*** Opening Extracted entries ***
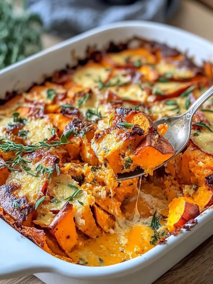 A Garlic Sweet Potato Bake is a warm, comforting dish made with roasted sweet potatoes layered with garlic, herbs, and a creamy high-protein mixture. This healthy version uses Greek yogurt and cottage cheese instead of heavy cream, making it high in protein, lower in fat, and very nutritious.
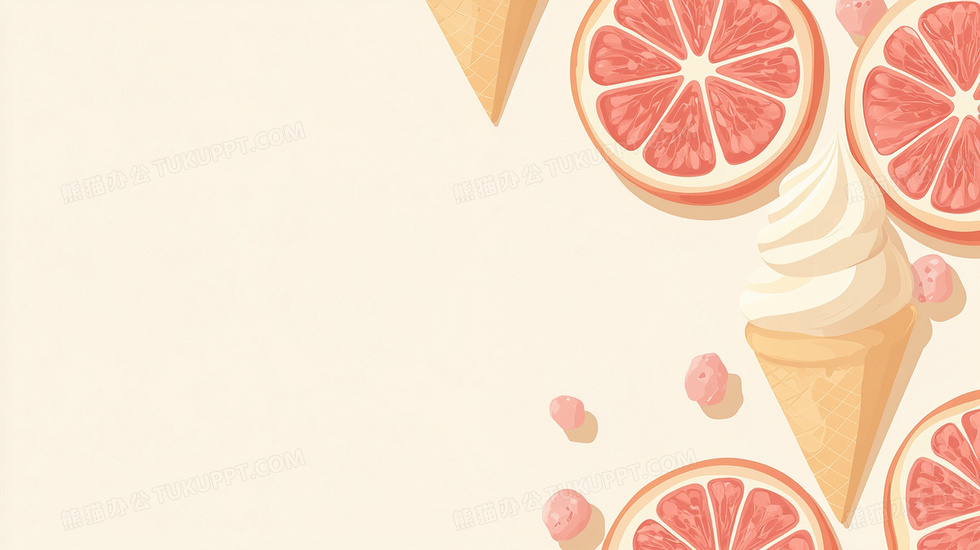 本作品内容为西柚冰淇淋简约水果文艺清新背景, 格式为 jpg, 大小2 MB, 图片尺寸为2912 x 1632, 作品中背景图片无需修改, 源文件无水印,可以直接使用, 欢迎使用熊猫办公。 如认为平台内容涉嫌侵权,可通过邮件:tousu@tukuppt.com提出书面通知,我们将及时处理。
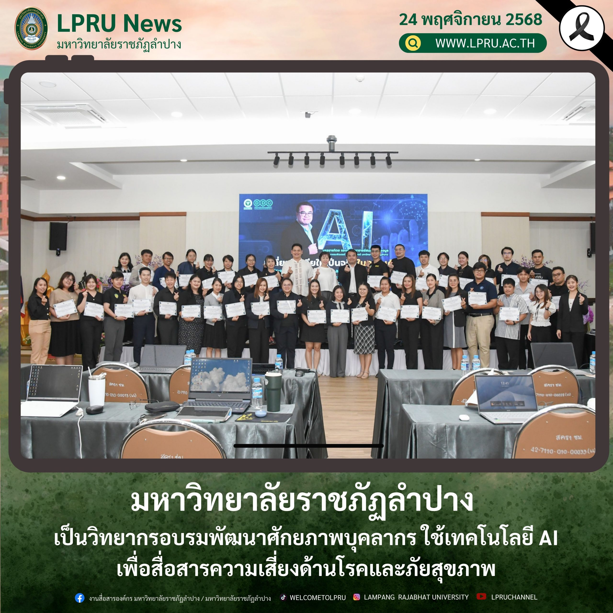 มร.ลป. เป็นวิทยากรอบรมพัฒนาศักยภาพบุคลากร ใช้เทคโนโลยี AI เพื่อสื่อสารความเสี่ยงด้านโรคและภัยสุขภาพ
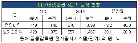 19일 금융감독원 전자공시시스템에 따르면 미래에셋증권의 올해 1~3분기 영업이익은 1천699억 원으로 48.3%가, 당기순이익 1천467억 원으로 36% 급등했다.
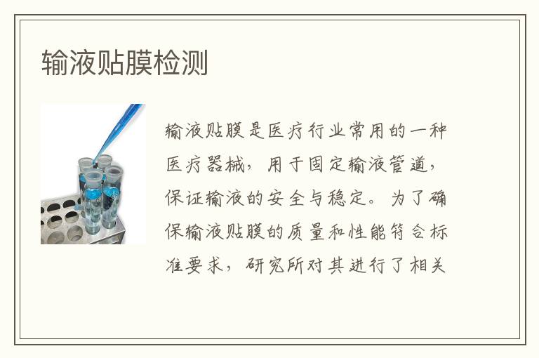 關(guān)鍵詞:輸液貼膜測試方法,輸液貼膜測試標(biāo)準(zhǔn),輸液貼膜測試案例
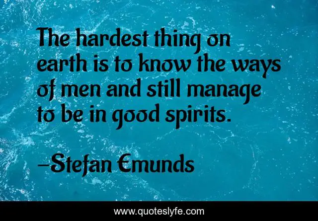 This page presents the quote "The hardest thing on earth is to know the ways of men and still manage to be in good spirits.". Author of this quote is Stefan Emunds. This quote is about life, wisdom, mankind, inspirational, enthusiasm, happiness,.
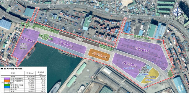 부산항(우암부두) 해양산업클러스터 개요(전체 면적 17만 8504㎡, 임대가능 면적 9만 2534㎡). 해수부 제공
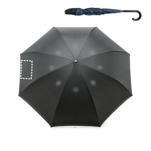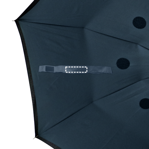 Ombrello reversibile a doppio strato in Pongee 190T con impugnatura in metallo, stecche in fibra di vetro, apertura manuale e chiusura automatica. Struttura brevettata. ø1050 x 790 mm
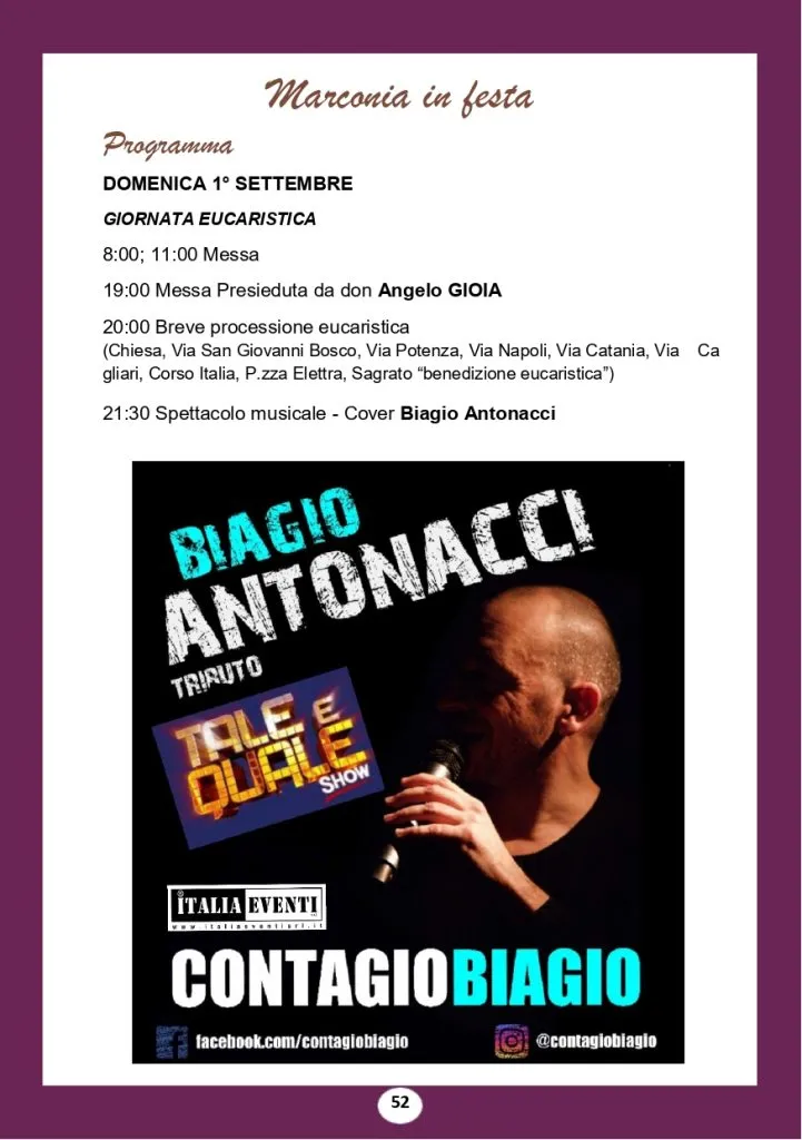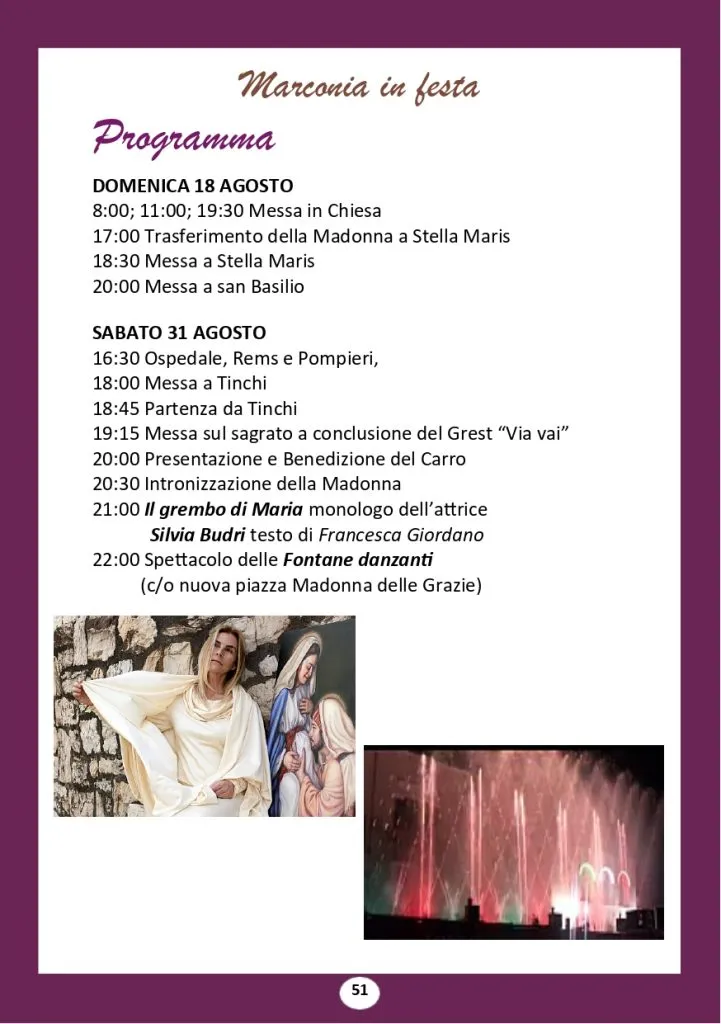 Domenica 1° settembre, in vista del giorno centrale della festa (domenica 8 settembre), prenderanno avvio a Marconia i festeggiamenti con la celebrazione eucaristica presieduta da don Angelo Gioia, Vicario Generale della Diocesi. A seguire, una breve processione eucaristica sul carro trionfale.
*** Closing Extracted entries ***
● Exercise objective: Retype the lines above exactly as they appear, from the line containing "19일 금융감독원 전자공시시스템에" through the line containing "This page presents", and leave out any pictures.

● Answer space:
 19일 금융감독원 전자공시시스템에 따르면 미래에셋증권의 올해 1~3분기 영업이익은 1천699억 원으로 48.3%가, 당기순이익 1천467억 원으로 36% 급등했다.
 關(guān)鍵詞:輸液貼膜測試方法,輸液貼膜測試標(biāo)準(zhǔn),輸液貼膜測試案例
 This page presents the quote "The hardest thing on earth is to know the ways of men and still manage to be in good spirits.". Author of this quote is Stefan Emunds. This quote is about life, wisdom, mankind, inspirational, enthusiasm, happiness,.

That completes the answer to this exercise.